I found the role of the SP gene family in resolving the history of HOX clusters to be unclear. In fact the argument is more tenuous than the discussion would suggest. How can phylogenetic analysis of SP reveal both that the SP genes "share their evolutionary history with HOX clusters" and that HOX genes have "arisenthrough three separate segmental duplication steps"? Knowing that the evolutionary histories are the same would presumably entail knowing the phylogeny of HOX, so that the SP phylogeny would provide no additional information about HOX. It is in fact simply assumed that the candidate HOX phylogeny that agrees with the SP phylogeny is the correct one. This is possible, but if other linked paralogs have different histories, as suggested by the cited references, it is far from certain.
I would add that it is too strong to say that the alternative rooted topology, ((HOXC HOXD) (HOXA HOXB)), "favors two rounds of whole genome duplication events". This topology is consistent with 2R, but also with three local duplication events. In the absence of whole-genome duplications it would not be surprising to find some sets of paralogs with this type of topology.
I am uncertain of the meaning, in paragraph 3 of Paralogy Regions in the Human Genome, of "those vertebrate species that have recent evolutionary origin." Because the species analyzed are primates, this might be taken to imply, incorrectly, that humans and our closest relatives are more recently evolved than other organisms and that evolution is a thing of the more distant past for other groups. Comparative analysis of primates can of course yield valuable information, but the same role could be played here by any other group of vertebrate species with comparable relatedness. Other expressions in the manuscript also suggest a ladder-like view of evolution, even if that is not the author's intent: "genetic architecture of deepest as well as most recent branches of animals" (Abstract); "evolutionary basal invertebrate" (paragraph 1 of Rapid Paralogous Gene Increase); "an ideal chordate ancestral genome" (same paragraph); "the deepest branches of life" (final paragraph).

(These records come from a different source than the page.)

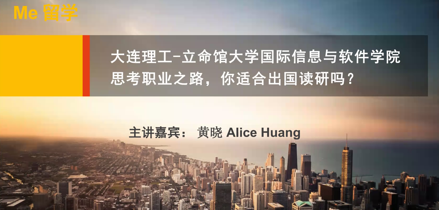 举国同心抗疫之际,国际信息与软件学院的同学们于3月29日晚7:30通过线上直播的方式,聆听了大工校友Alice老师带来的一场关于出国读研的回归讲座。
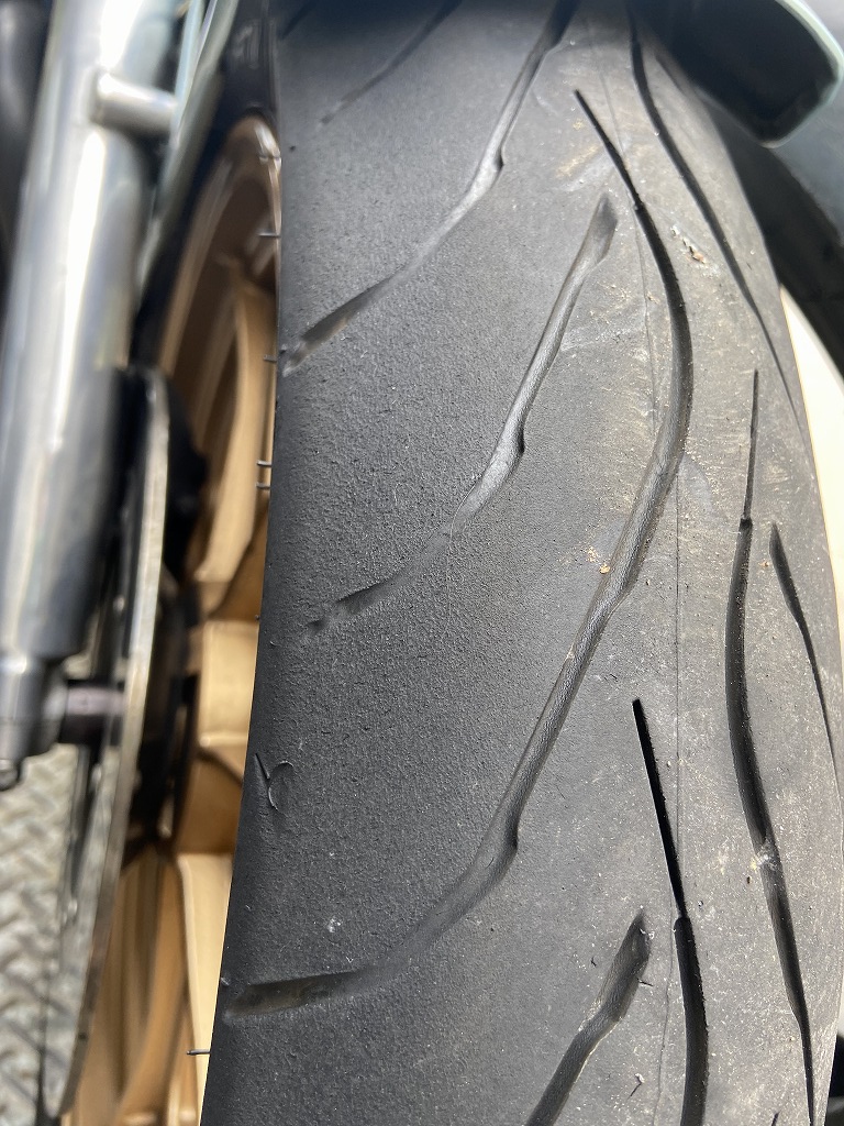 バイクの用途はほとんどが峠走りなので、フロントはこのようにサイドだけ減ってしまいます。センターには新品時のラインがまだ残っていますね。
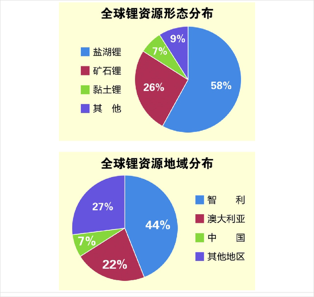目前,澳洲鋰礦和南美鹽湖是全球鋰資源供應(yīng)主力。根據(jù)五礦證券數(shù)據(jù),從形態(tài)分布來看,全球鹽湖鋰、礦石鋰以及黏土鋰分別占比58%、26%和7%;以地域分布來看,智利、澳大利亞在全球探明鋰儲量中占比分別為44%、22%,中國以7%的占比位居第三。
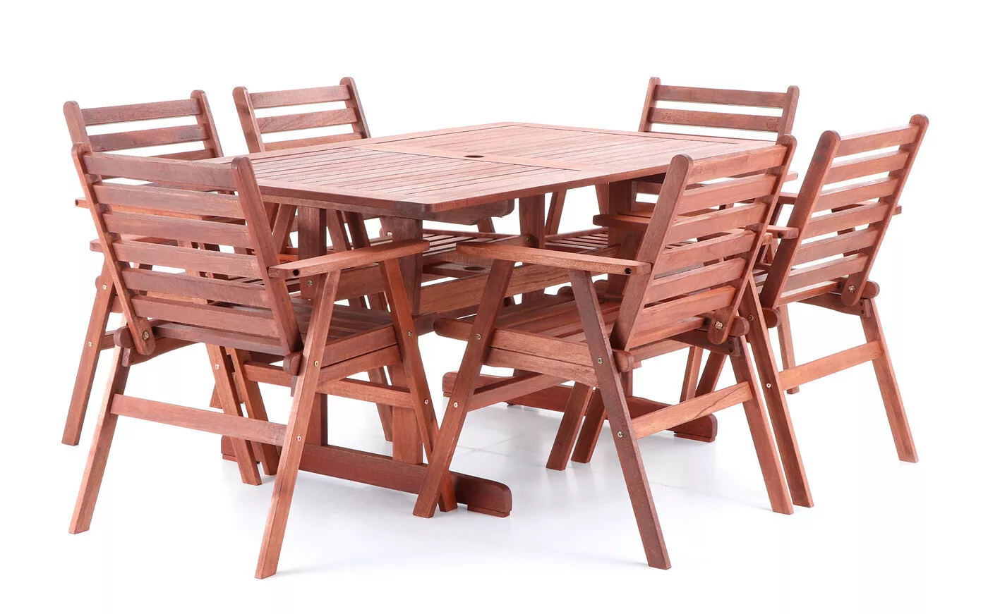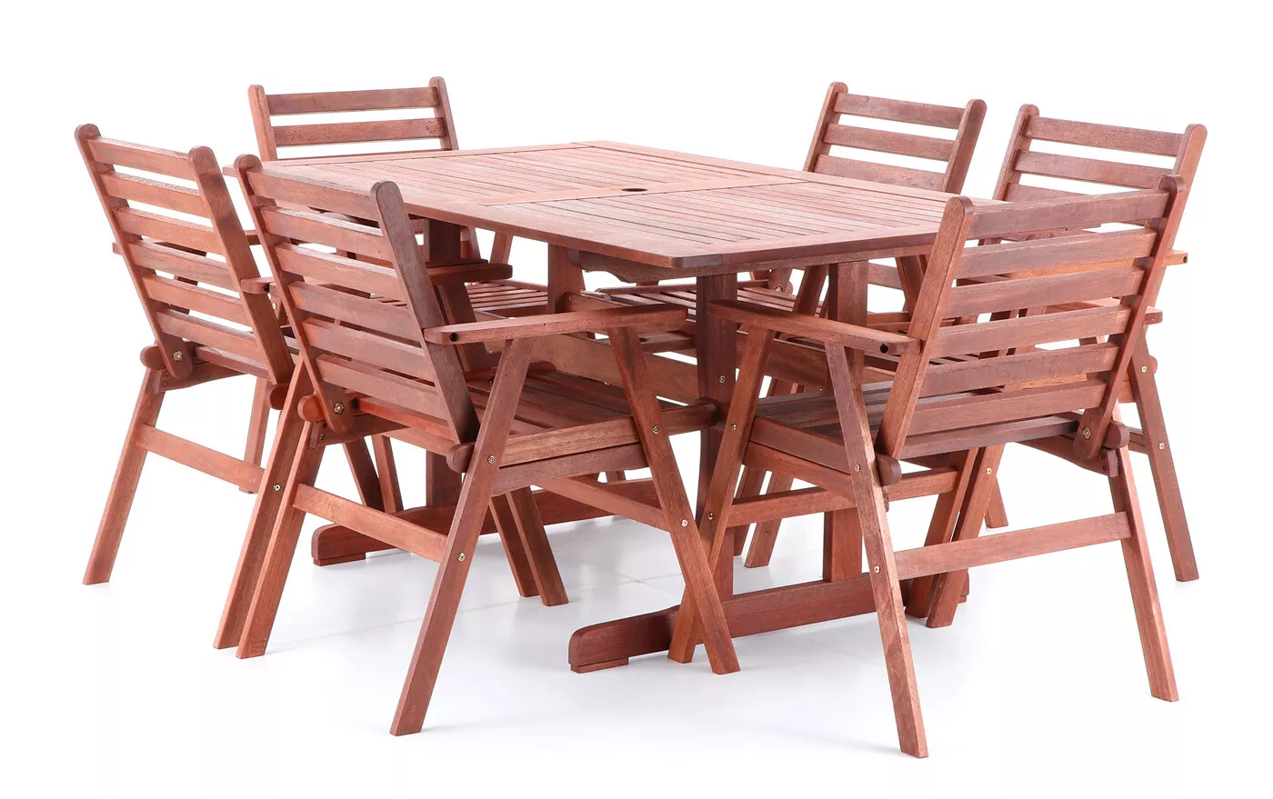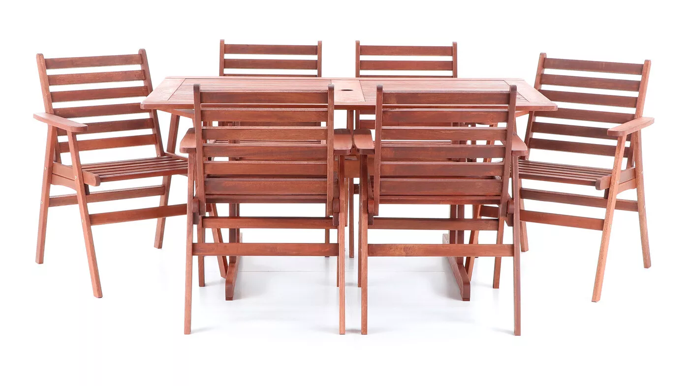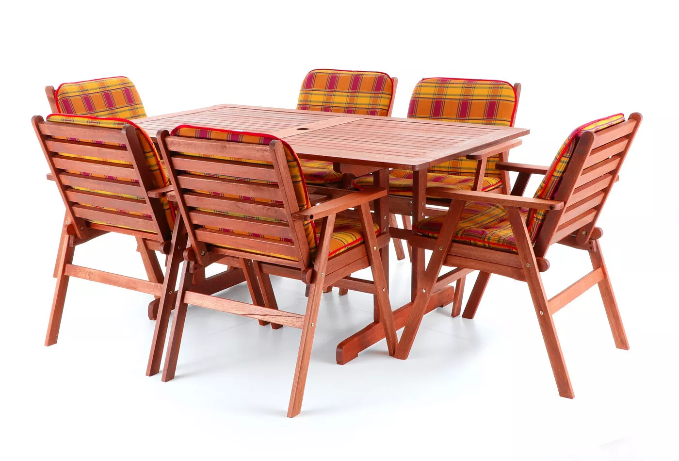 - Luxusní masivní stolová sestava 6-ti křesel a stolu z exotického, velice trvanlivého a tvrdého dřeva meranti.
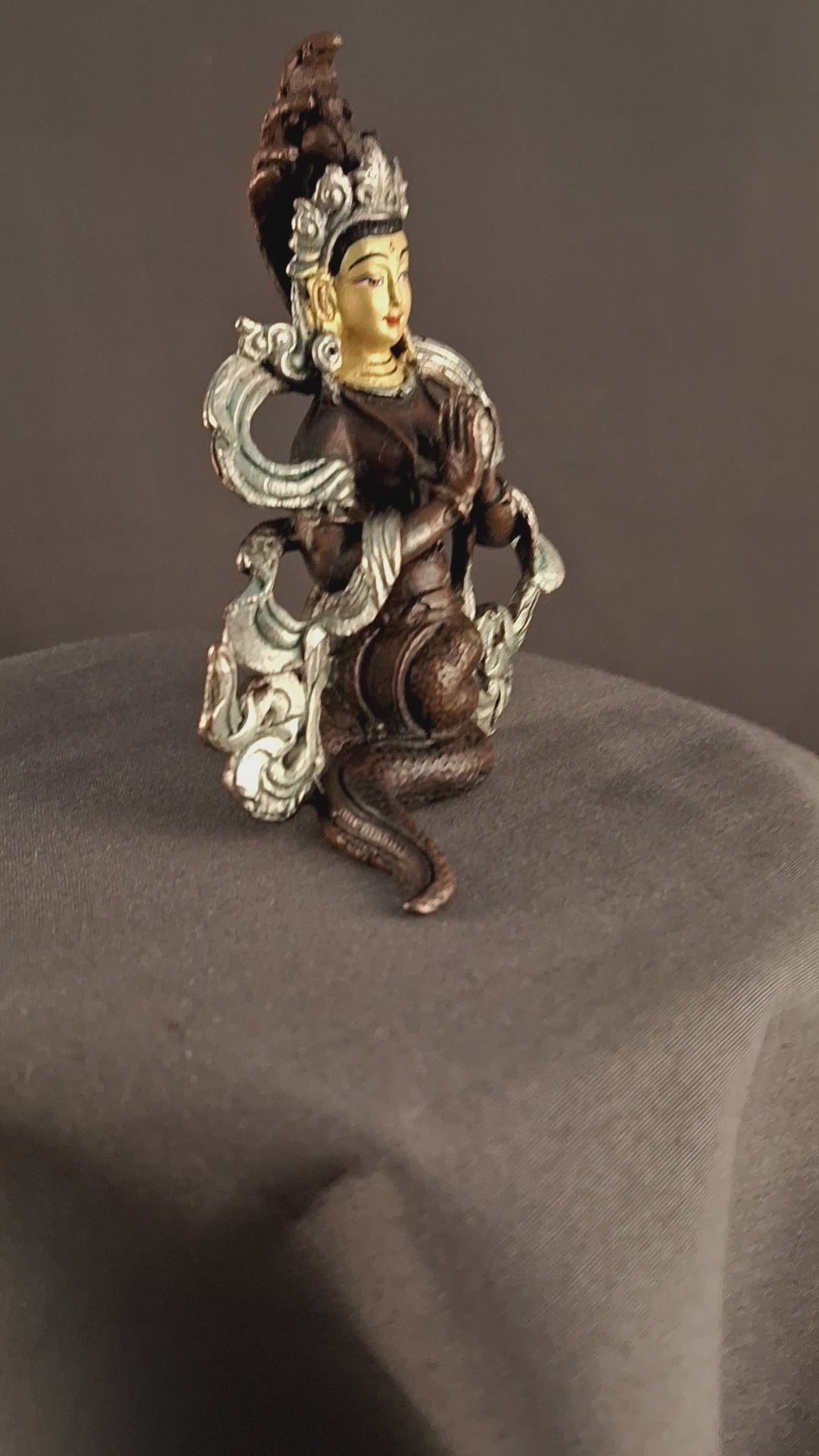 This Beautiful Handmade Snake Gold Face Hand Painting Queen Goddess Naga Kanya Silver Oxide Copper Statue made by Artists of Nepal.

I am grateful to Dr. Cherry for valuable comments and useful suggestions on this manuscript.
1. The most parsimonious explanation of the order of branching in HOX cluster and closely linked SP phylogenies is that, both of these gene families arose simultaneously (co-duplicated group) through three independent duplication steps (Figure 2). Other genes families (having three or four members linked to HOX clusters) in the HOX cluster paralogons, e.g. ERBB, COL, GLI, HH, SLC4A and others have recently been resolved into four discrete co-duplicated groups . It has been shown that genes within each of these co-duplicated groups (of HOX cluster paralogons) are duplicated in concert with each other whereas the constituent genes of two different co-duplicated groups may not have duplicated simultaneously . This observation is contrary to 2R scenario, which assumed that constituent gene families of HOX cluster paralogons arose simultaneously through two rounds of WGD.
2. I must agree that the SP phylogeny helps in understanding the phylogeny (duplication history) of HOX and would provide no additional information about HOX evolutionary history. Therefore, I replaced the term "share their evolutionary history" with the "share their duplication history" (HOX cluster duplication and the history of vertebrate genome evolution).
3. I must also agree with Dr. Cherry's argument that in the absence of whole-Genome duplications it would not be surprising to find some sets of paralogs with (AB)(CD) type topology.
4. In the revised manuscript I tried to erase a ladder-like view of evolution and have used precise terms to explain the evolutionary relatedness among animals.
5. Minor issues were also addressed in the revised manuscript.